__Problem__. A word-for-word copy is needed of the line containing "The White, oversized" and every line after it through the end of the records below, leaving out all pictures.

[Entries taken from a collection]
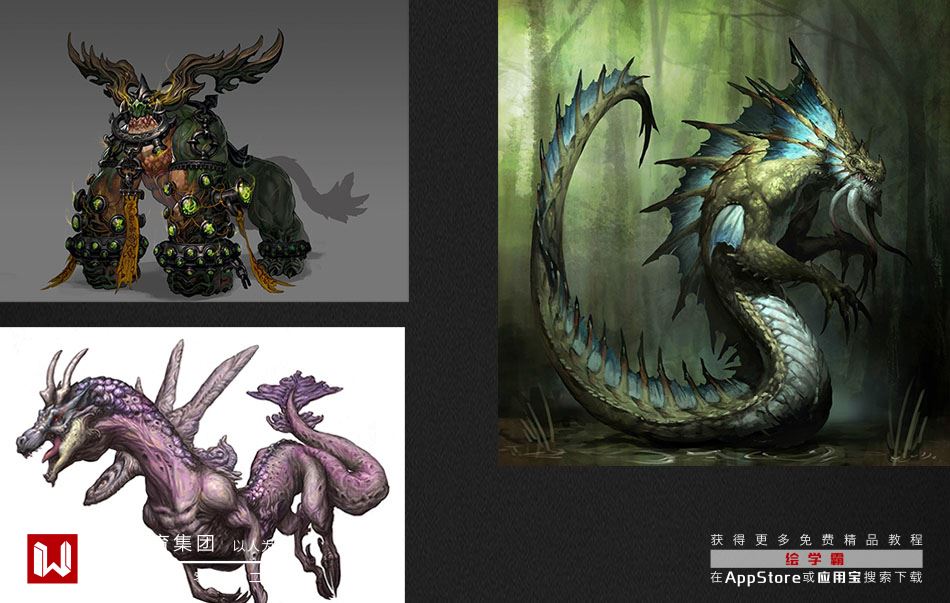 怪物设计元素运用是千变万化,如画一个自然系的怪物会用到花花草草,森林等元素,画一个黑暗系的会用到黑烟,血之类的元素。还有怪物的特性,像马的怪物就会用马的体型,龙型怪物就会龙的体型。还有一种是合成兽,2种体型混合用,这 种设计要注意体型的变化了。请牢记!
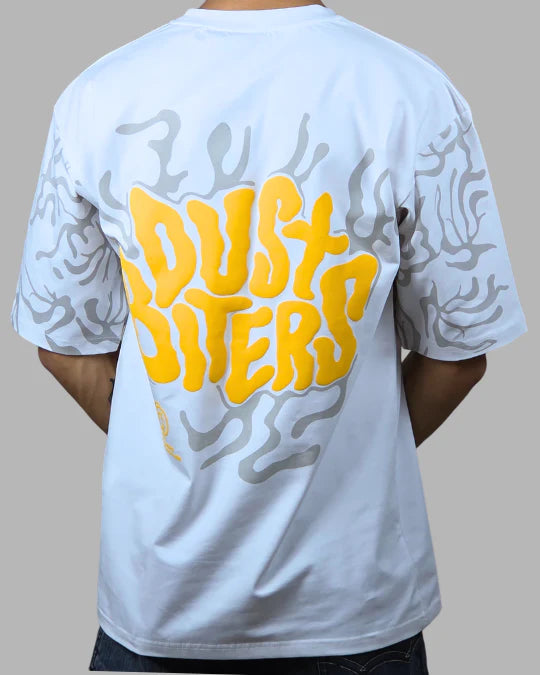 The White, oversized T-shirt with a graphic design on the front and sleeves. The front of the shirt features the text "DUST BITERS" in a stylized, white font, with abstract gray shapes surrounding the text
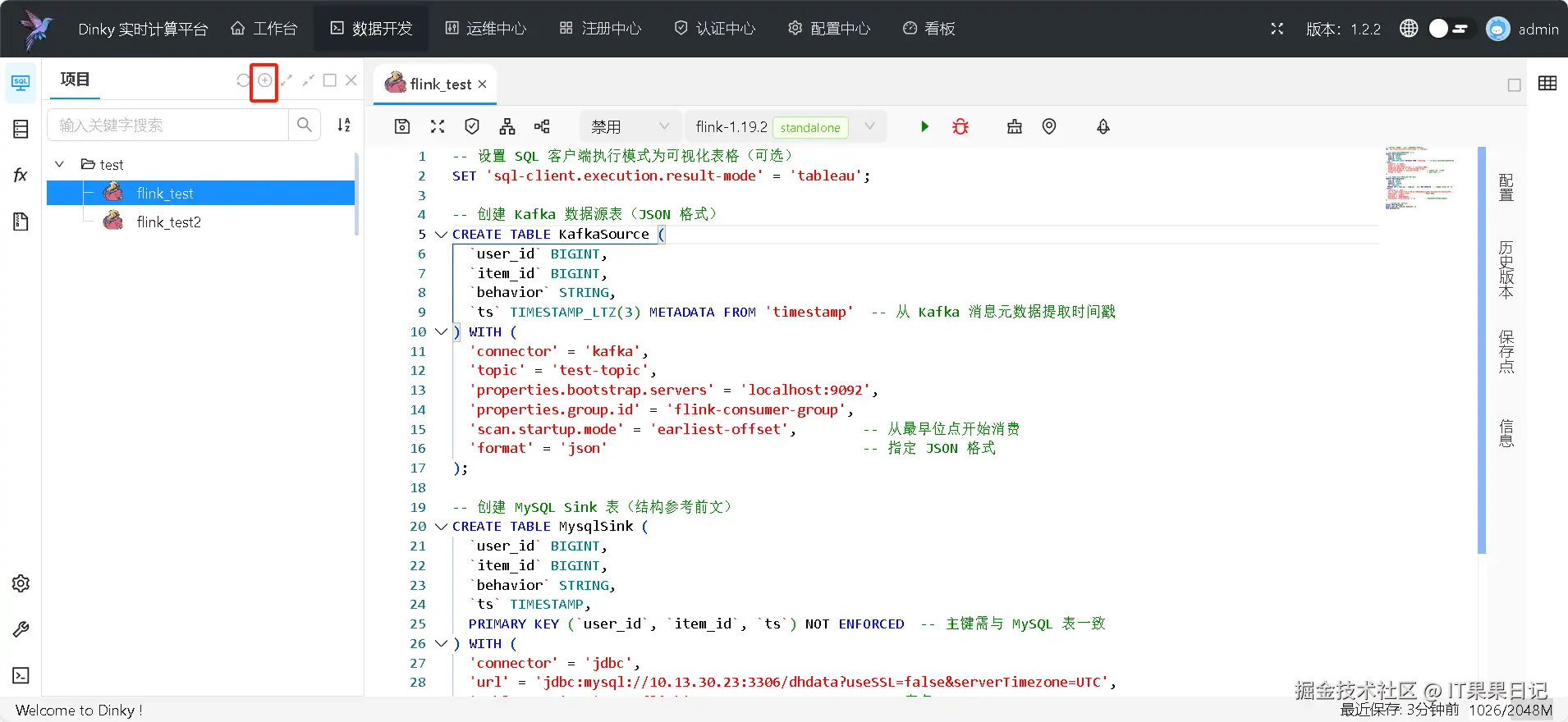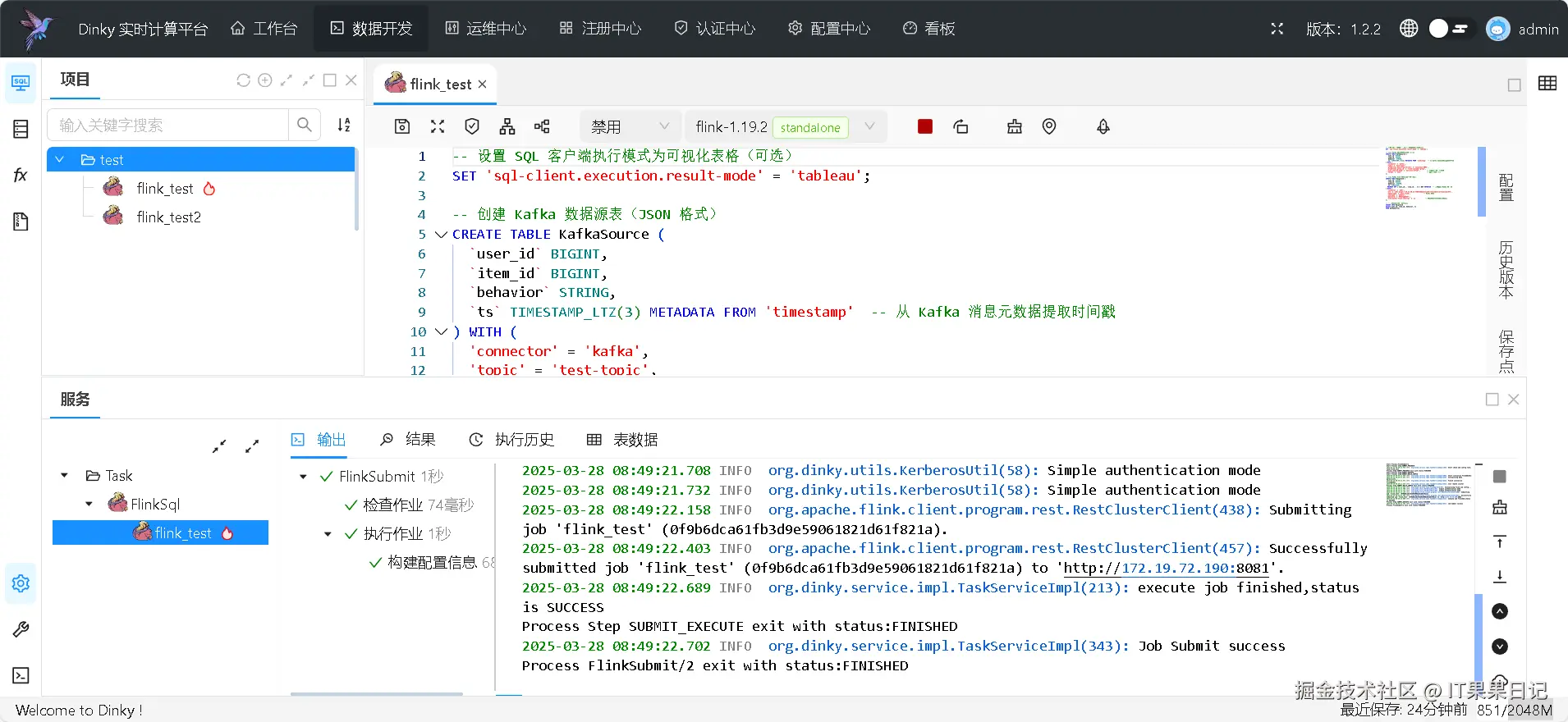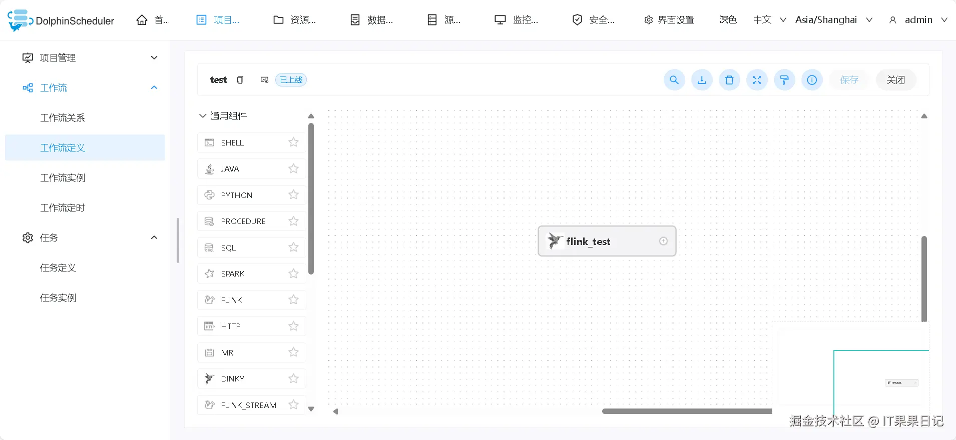 进入 test 工作流,可以看到 flink_test 名称的 dinky 任务。
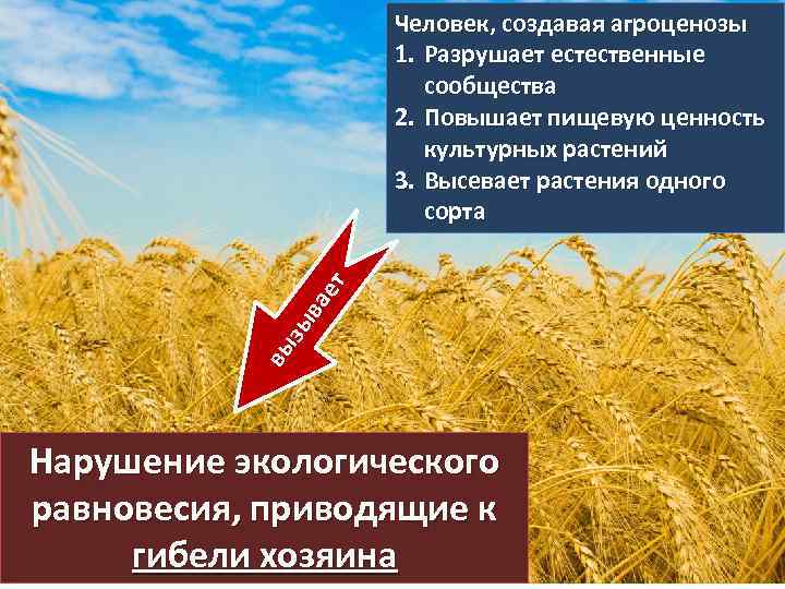 вы зы ва ет Человек, создавая агроценозы 1. Разрушает естественные сообщества 2. Повышает пищевую ценность культурных растений 3. Высевает растения одного сорта Нарушение экологического равновесия, приводящие к гибели хозяина
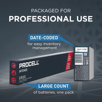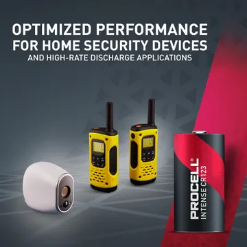 Procell High Power Lithium CR123 industrial batteries are designed to deliver reliable and safe power in professional devices with high rate discharge under intermittent or continuous drain, such as security equipment.
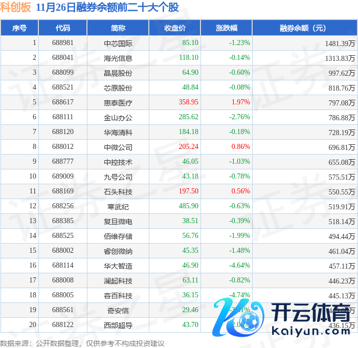 科创板融券余额前三分辩为:中芯海外(688981)融券余额1481.39万元、海光信息(688041)融券余额1313.83万元、晶晨股份(688099)融券余额997.62万元,前20具体见下表:
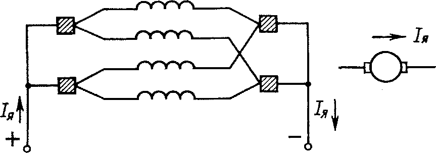 Рис. 37. Параллельные ветви петлевой обмотки якоря и обозначение в схеме
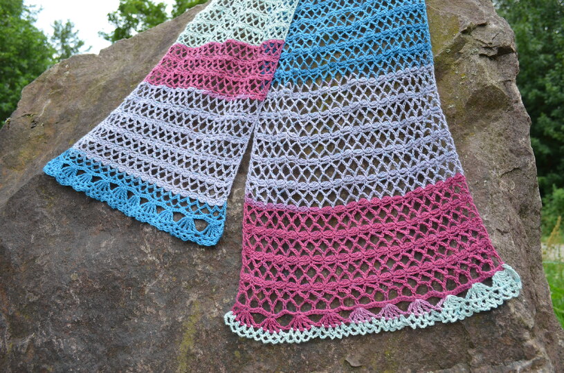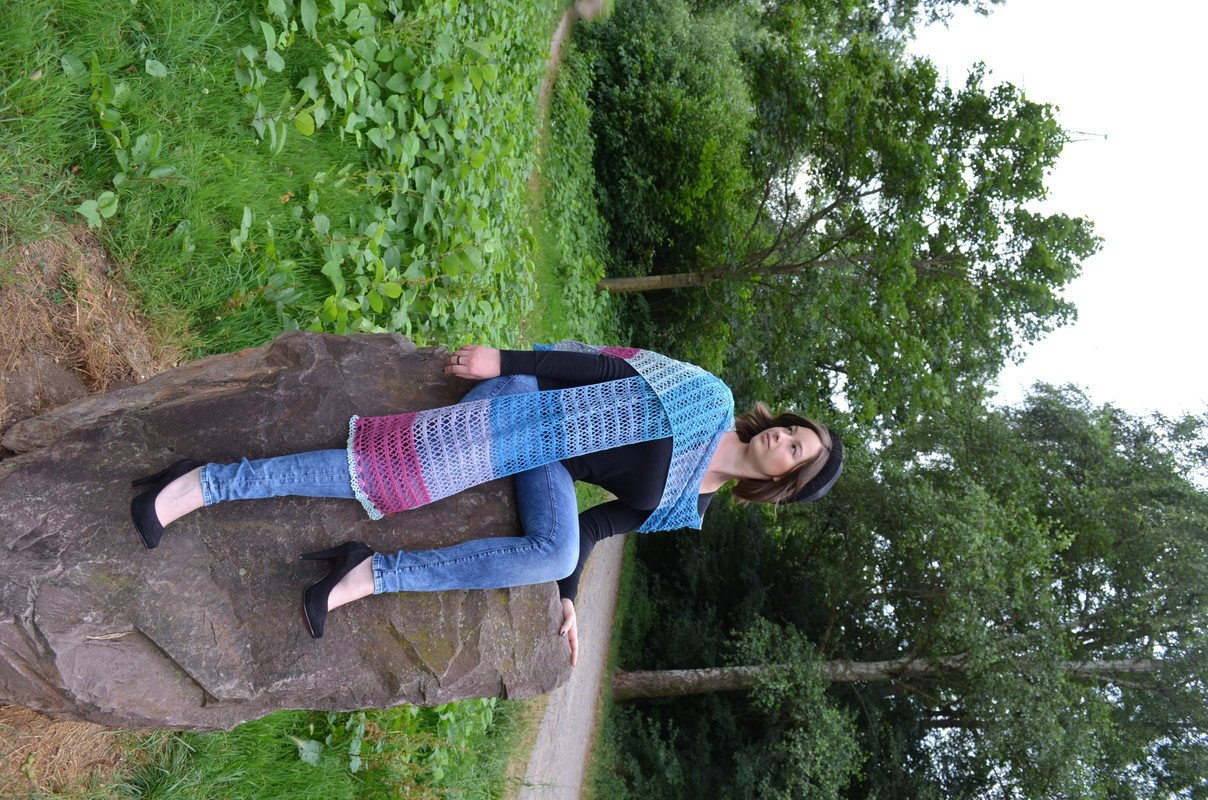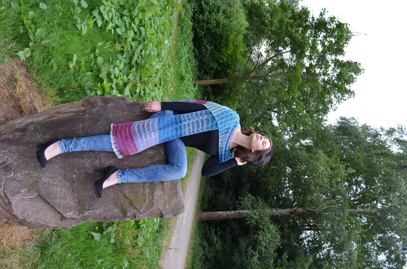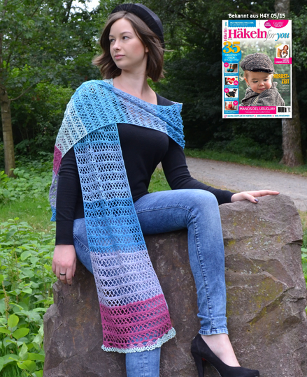 "Ein Fest für die Sinne! Ein „Hauch“ von Schal, der selbst das einfachste Outfit in etwas ganz Besonderes verwandelt. Feinstes Lacegarn aus Merino mit raffiniertem Farbverlauf ist optimal für leichte Schals und Tücher geeignet".

__Task response__.
 The White, oversized T-shirt with a graphic design on the front and sleeves. The front of the shirt features the text "DUST BITERS" in a stylized, white font, with abstract gray shapes surrounding the text
 进入 test 工作流,可以看到 flink_test 名称的 dinky 任务。
 вы зы ва ет Человек, создавая агроценозы 1. Разрушает естественные сообщества 2. Повышает пищевую ценность культурных растений 3. Высевает растения одного сорта Нарушение экологического равновесия, приводящие к гибели хозяина
 Procell High Power Lithium CR123 industrial batteries are designed to deliver reliable and safe power in professional devices with high rate discharge under intermittent or continuous drain, such as security equipment.
 科创板融券余额前三分辩为:中芯海外(688981)融券余额1481.39万元、海光信息(688041)融券余额1313.83万元、晶晨股份(688099)融券余额997.62万元,前20具体见下表:
 Рис. 37. Параллельные ветви петлевой обмотки якоря и обозначение в схеме
 "Ein Fest für die Sinne! Ein „Hauch“ von Schal, der selbst das einfachste Outfit in etwas ganz Besonderes verwandelt. Feinstes Lacegarn aus Merino mit raffiniertem Farbverlauf ist optimal für leichte Schals und Tücher geeignet".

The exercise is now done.